# Crustless Apple Pie with a Different Twist



## SeniorSitizen (Sep 10, 2012)

Added to my food folder, for dessert, is the crustless apple pie my wife makes but with this one she suggested sprinkling a little Granola on top. WOW and good gawd i could make this.



1 apple sliced thin
about 2 tsp sugar - adjust to taste - less if possible

sprinkle a little cinnamon to taste
stir and microwave in a cereal bowl for bout 3 minutes on hi
remove from microwave and sprinkle on Granola cereal until it looks right


Not pictured is the very small bowl of vanilla ice cream chaser.:vs_laugh:


----------



## Startingover (Apr 18, 2012)

I love easy quick desserts at night after I’ve begun the day acting all superior and only buying veggies at the store. 9 pm, watching TV I’m sad there’s no snacks in the house.


----------



## wooleybooger (Feb 23, 2019)

Startingover said:


> I love easy quick desserts at night after I’ve begun the day acting all superior........


:vs_laugh: :vs_laugh: :vs_laugh:

You knew that was coming huh?


----------



## SeniorSitizen (Sep 10, 2012)

After a long hard day there's nothing like letting your hair down and taking the mask off.


----------



## Nik333 (Mar 1, 2015)

Startingover said:


> I love easy quick desserts at night after I’ve begun the day acting all superior and only buying veggies at the store. 9 pm, watching TV I’m sad there’s no snacks in the house.

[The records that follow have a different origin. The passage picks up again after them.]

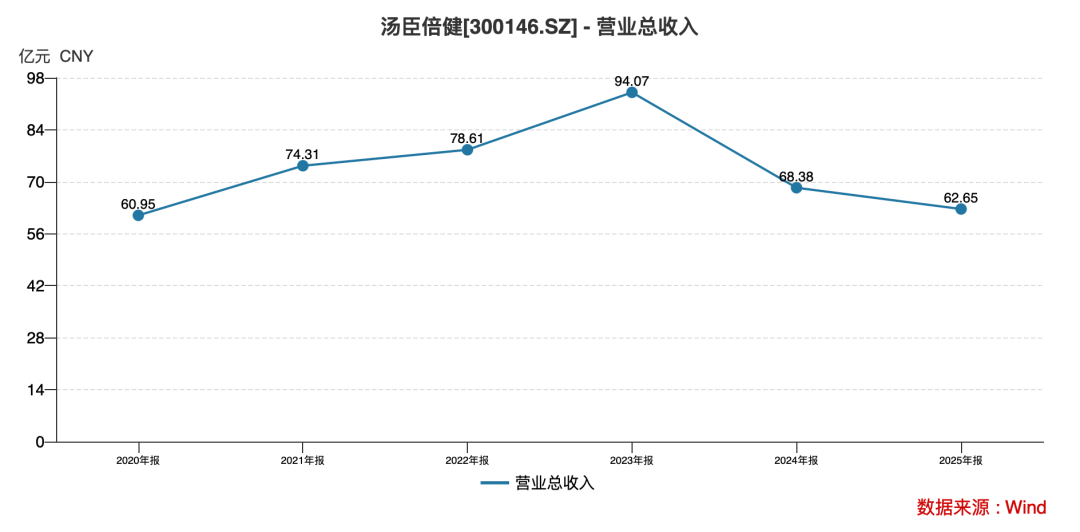 数据显示,2025年,汤臣倍健实现营业收入62.65亿元、净利润7.82亿元;而五年前的2020年,其营收早已达到了60.95亿元,2017年7.66亿元的净利润则与去年不相上下。
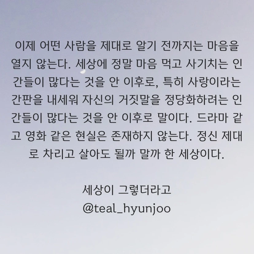 세상에 거짓말하는 사람들이 너무 많고, 사기치는 사람들이 너무 많다는 것을 어렸을 때부터 알았으면 행복했을까? 요즘엔 정말 모르겠는 일들이 참 많다. 산다는 건 참 별 일이더라.
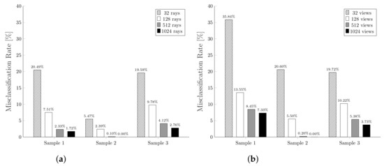 Figure 17 shows the misclassification rates obtained using a different number of rays, or corresponding views, for each of the designed mesh samples. From these plots we can observe how, as the number of rays or views increases, the misclassification rate decreases. This is widely expected since, using fewer views or rays per triangle, it is more likely to misidentify a visible triangle as invisible and, thus, increase the number of false positives. Intuitively, having more views or rays per triangle allows the algorithm to find even the most hidden triangles, getting closer to the optimum value.
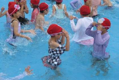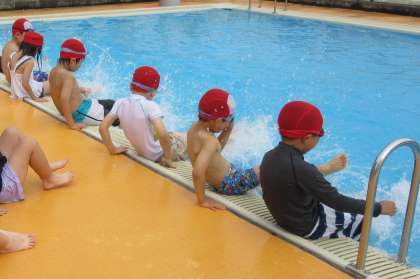 1年生のプール使用日は雨予報が多く、朝から空を見ながら「今日はプールに入れる?」と聞きにくる子供たち。やっとやっと入れました!とても楽しみにしていたようで終始にこにこでした。これから安全に楽しく水遊びをしていきたいと思います。
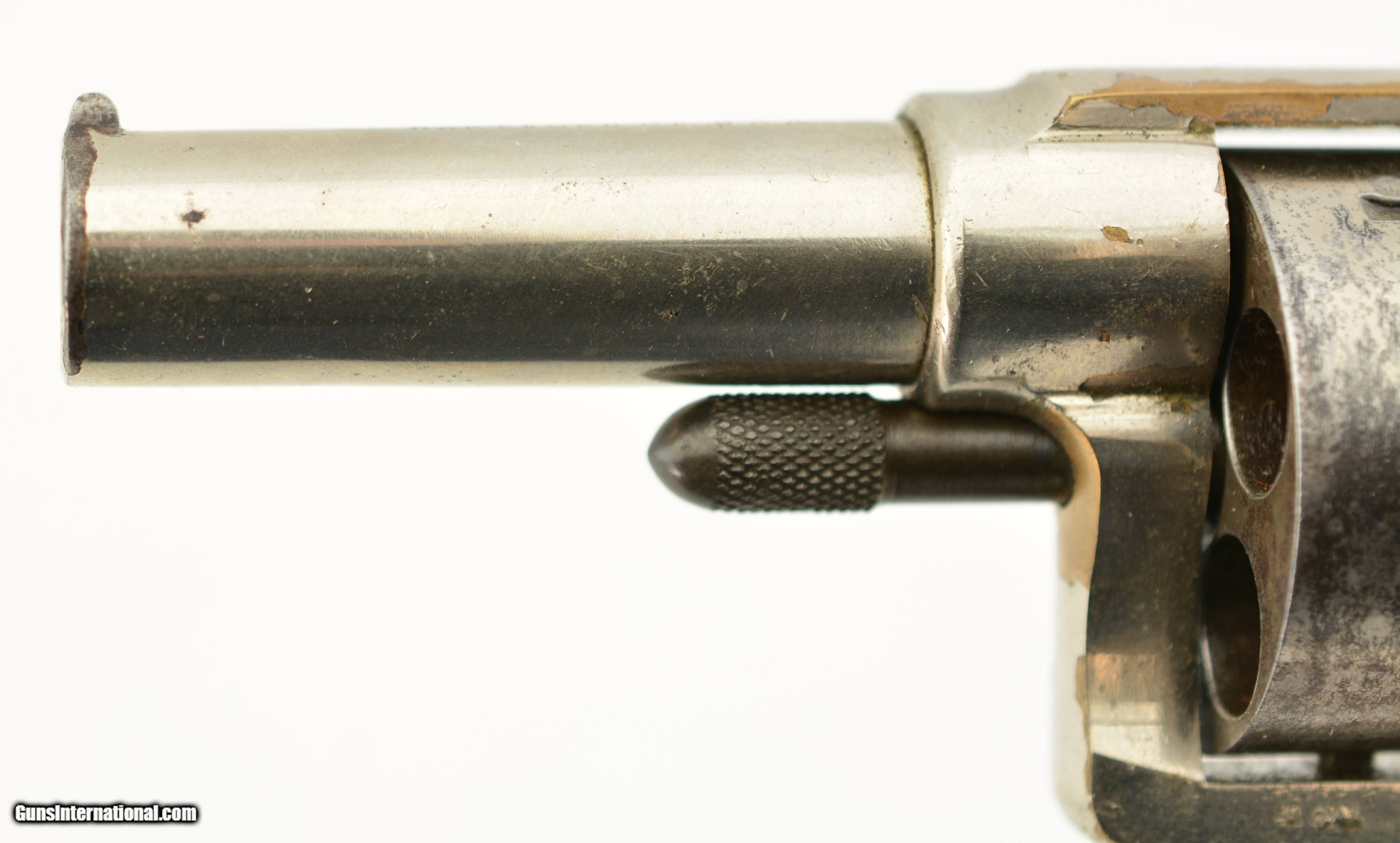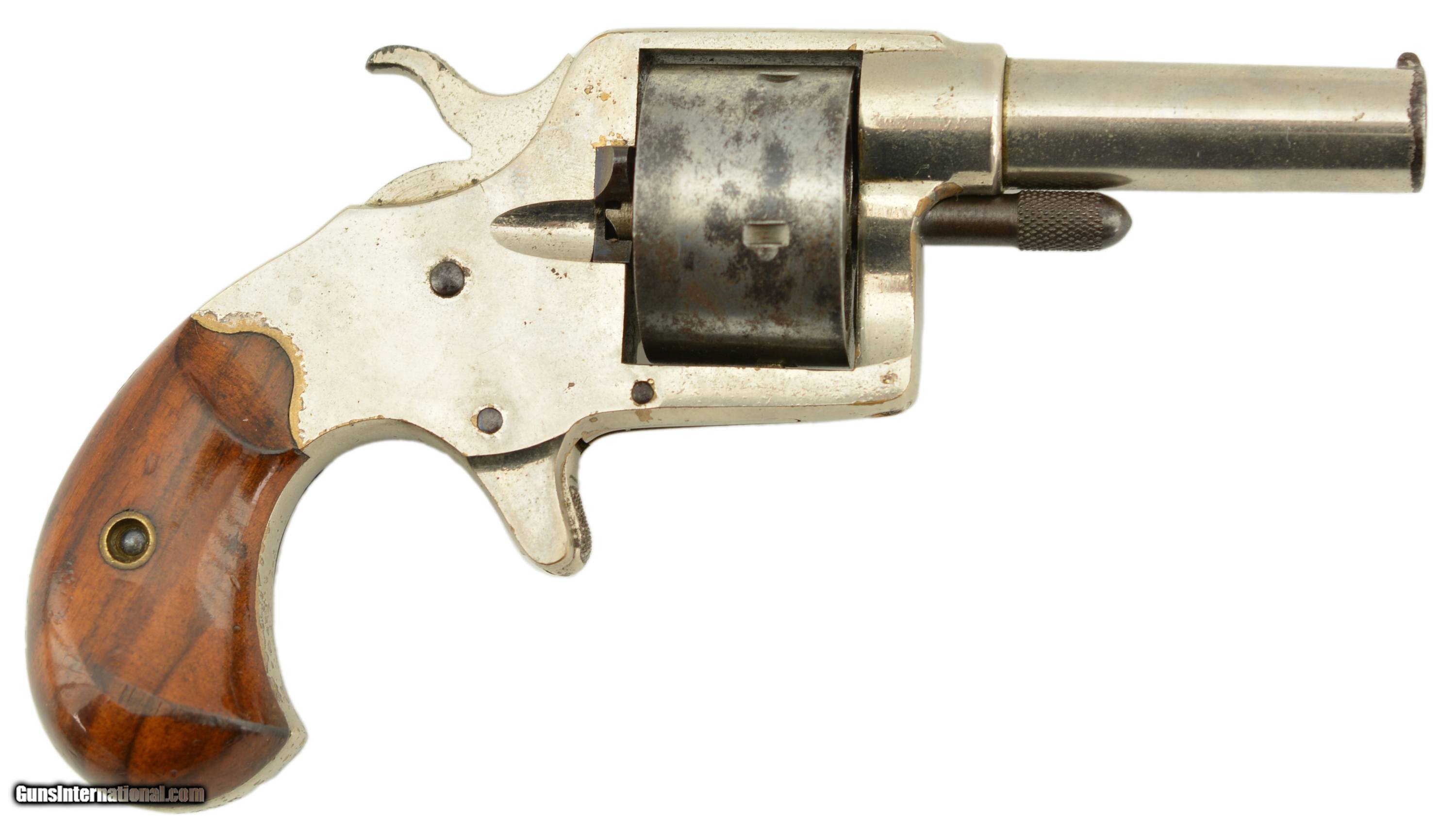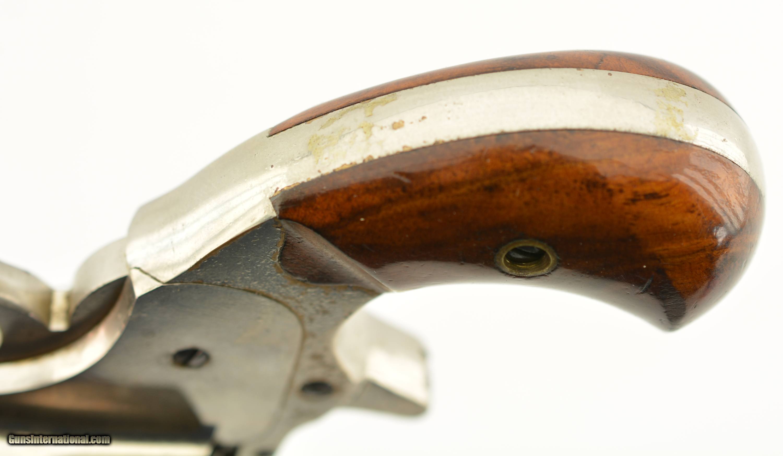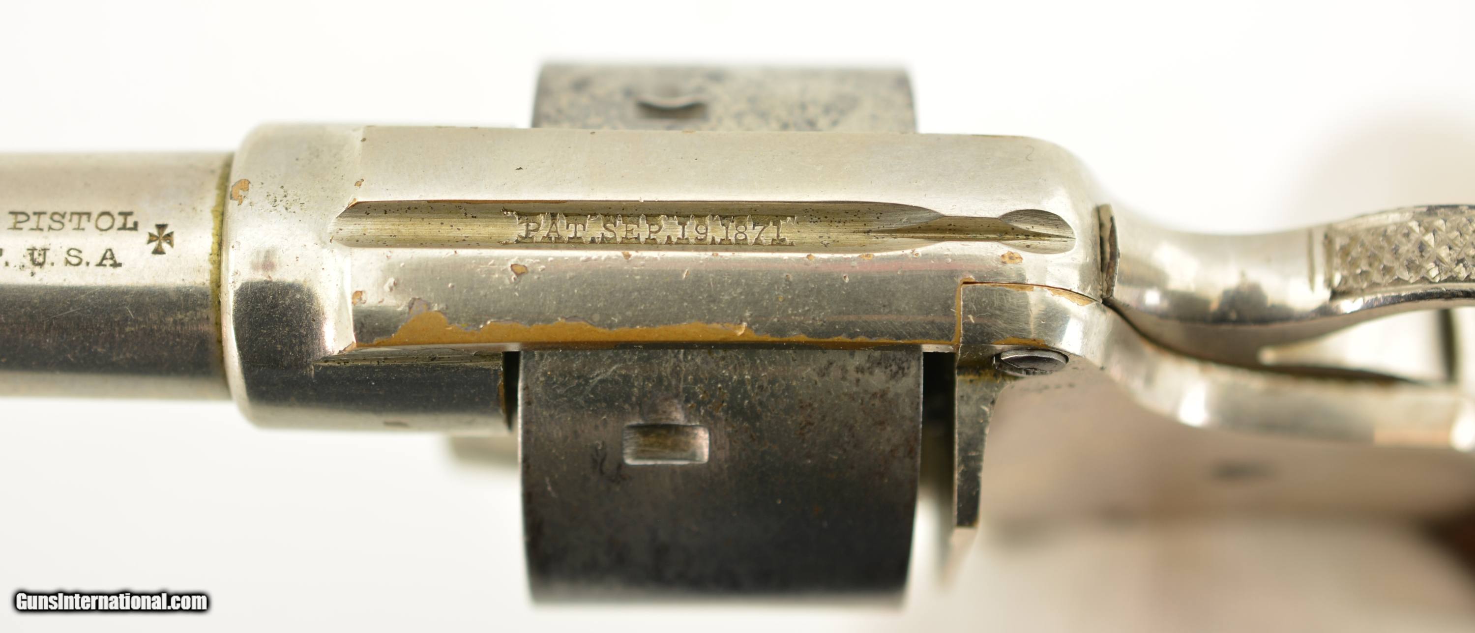 Description: Serial #9325, .41 RF, 2 1/2" barrel with a very good, bright bore that has some spots of dark freckling towards the muzzle. This is the five-shot version of the famous Colt "Cloverleaf" House Revolver, and has matching numbers on the frame and barrel (the cylinder is not numbered). The metal retains 85-90% of the original nickel finish, with some mild bubbling of the nickel along the sides of the frame, as well as some minor flaking to the underlying brass along the high and exposed edges. The cylinder has a mottled gray and plum-brown patina throughout, while the cylinder pin and separate recoil plate have traces of original blue remaining and an overall plum-brown patina. The walnut grips are numbered to the gun on the interior and are in very good-near fine condition, with small handling marks on either side, as well as some moderate wear at the butt on either side. The lock-up is tight, and the action functions flawlessly. Interestingly, the serial number stamped into the butt has a slight error: the last digit ("5") was applied upside down, however the number stamped into the barrel has the digit right-side up. This is a seldom seen five-shot House Model, in very good condition, with a neat factory stamping error, and would make a great addition to any collection. Antique SOLD Antique: Yes Manufacturer: Colt Model: House Model Serial Number: 9325 Caliber Info: .41 RF Gauge Info: .41 RF |

Do you have sugar, butter or cocoa? Potatoes? Apples? I can think of lots of snacks to make.:smile:


----------



## huesmann (Aug 18, 2011)

crustless pie = cobbler :vs_laugh:


----------



## SeniorSitizen (Sep 10, 2012)

huesmann said:


> crustless pie = cobbler :vs_laugh:


That's about 2 miles above my pay grade.


----------



## wooleybooger (Feb 23, 2019)

cobbler = upside down pie. :biggrin2:


----------